Урсула Борн сидела у стола, уткнувшись лицом в сложенные на коленях руки. Она подняла голову. Глаза ее опухли от слез.
– Урсула Борн… – пробормотал я.
– Нет, – сказал Пуаро, подходя к ней. – Не Урсула Борн, дитя мое, не правда ли? Урсула Пейтен, миссис Ральф Пейтен?
Минуту или две девушка молча смотрела на Пуаро. Потом, окончательно потеряв самообладание, кивнула и зарыдала. Каролина кинулась к ней, обняла, похлопала по плечу.
– Полно, полно, дорогая, – принялась она утешать ее.
– Все будет хорошо. Вот увидите. Все образуется. Несмотря на любопытство и любовь к сплетням, Каролина очень добра. На минуту даже заявление Пуаро было Забыто перед горем девушки. Но вот Урсула выпрямилась, вытерла глаза.
– Как глупо, – пробормотала она.
– Нет, дитя мое, мы понимаем, что пришлось вам перенести за последние дни, – мягко сказал Пуаро.
– И вдруг я узнаю, что вам все известно, – сказала Урсула – Но откуда? От Ральфа? Я пришла из-за этого. – Она вынула измятую газетную вырезку, и я узнал заметку Пуаро.
– Ральф арестован. Значит, все бесполезно. Мне незачем больше скрывать.
– Не всегда можно верить газетам, мадемуазель, – пробормотал Пуаро; у него был пристыженный вид. – Но все-таки вам лучше быть откровенной; нам нужна правда.
Девушка посмотрела на него: она была в нерешительности.
– Вы не доверяете мне, – сказал Пуаро. – И тем не менее вы ко мне пришли – Почему?
– Потому что я не верю… Ральф не мог этого сделать, – прошептала она. – И еще потому, что вы очень умны, и узнаете правду, и еще… Мне кажется, что вы добрый.
– Это правда, – утвердительно закивал головой Пуаро – Слушайте, я искренне верю, что ваш муж невиновен, но дело развивается скверно.
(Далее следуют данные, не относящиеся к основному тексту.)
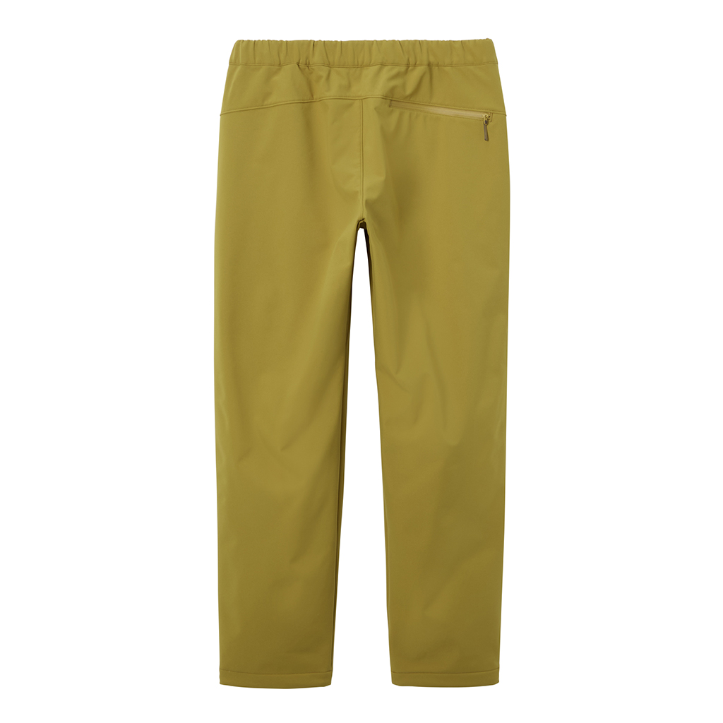 Stretchy soft shell pants in a water repellent, water resistant, windproof 3L fabric. The C0 water-repellent coating does not use any environmentally damaging fluorine compounds. A grid structure on the inside improves comfort and adds stretch for freedom of movement. A waist belt allows easy adjustment and the legs can be narrowed with rubber spindles and stoppers at the bottom hems. To complement the water resistant fabric, the three pockets in the front and rear have waterproof zippers. Their functionality makes them ideal for outdoor activities as well as everyday wear.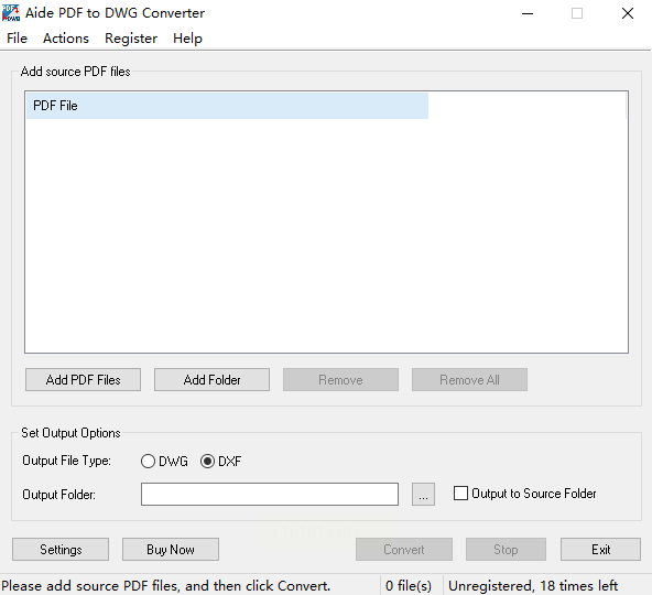 步骤一:启动软件后,选择“Convert PDF to DWG”主功能,界面左侧显示文件预览缩略图。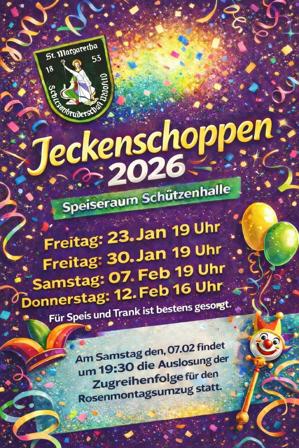 Auch in diesem Jahr findet in der Zeit vor dem großen Karneval wieder der Jeckenschoppen im Speiseraum statt.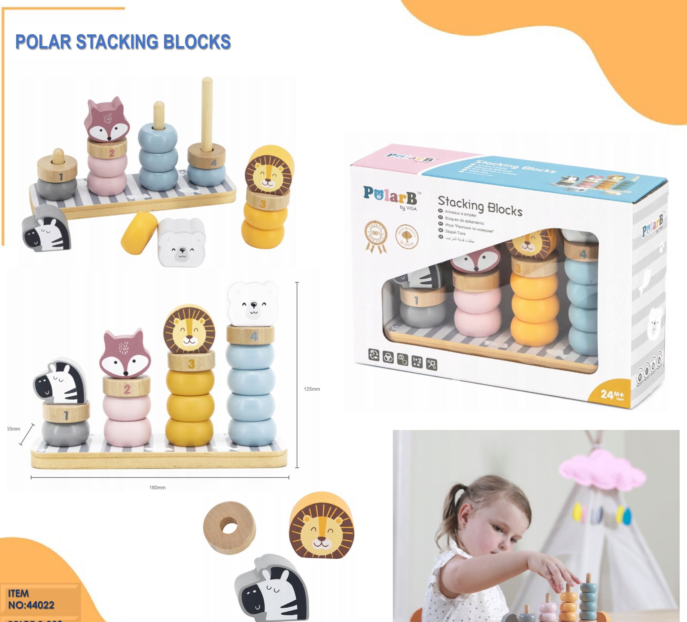 Premium quality wooden blocks designed for toddlers aged 2 years and up. This colorful set features Arctic-themed designs that can be stacked, sorted, and arranged in countless ways—perfect for open-ended play.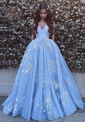 Ball Gown Off-the-Shoulder Sleeveless Court Train Tulle Prom Dresses With Pleated Appliqued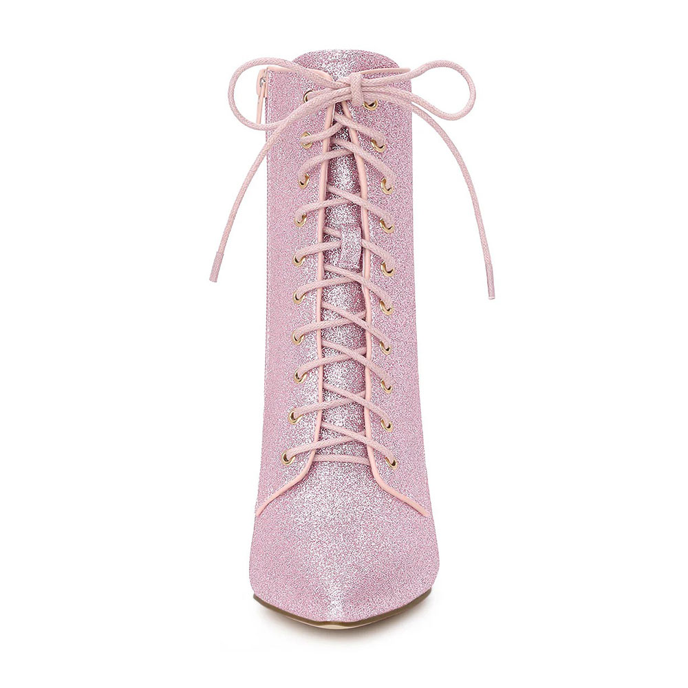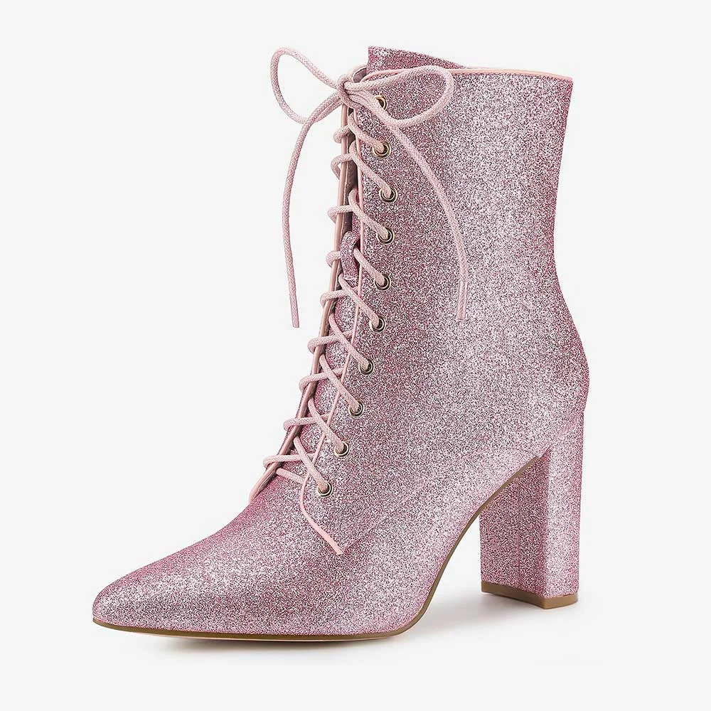 Pink Pointed Toe Side Zipper Lace Up Booties for Women with Glitter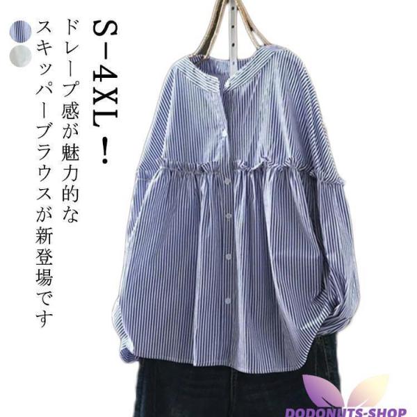 シャツ レディース ブラウス ストライプ柄 春夏 ス シャツ 体型カバー 長袖 ラウンドネック シャツ 森ガール ゆったり 大きいサイ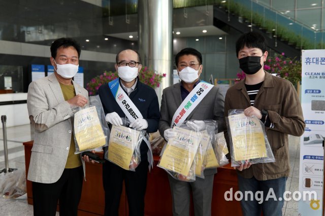 우리농업지키기운동본부가 9일 농협중앙회 본관 로비에서 우리농산물 소비촉진 캠페인을 실시했다. 우측에서 두번째 우리농업지키기운동본부 김용택 대표, 세번째 유찬형 농협중앙회 부회장. 농협 제공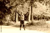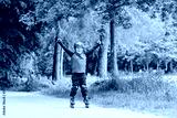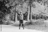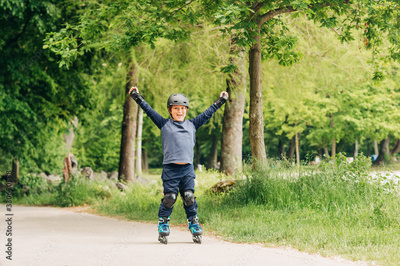 Active little boy skating in summer park, healthy lifestyle for children, holding arms up wide open

Чтобы спасти его, я должен знать все, даже если в результате улики против него увеличатся Словом, расскажите мне все без утайки, все с самого начала, хорошо?
– Надеюсь, вы меня не выпроводите за дверь, – сказала Каролина, устраиваясь в кресле.
– Во-первых, я хочу знать, почему эта девочка разыгрывала из себя горничную?
– Разыгрывала? – переспросил я.
– Конечно. Почему, дитя мое? На пари?
– Чтобы жить, – отрезала Урсула. И начала рассказ, который я изложу здесь своими словами.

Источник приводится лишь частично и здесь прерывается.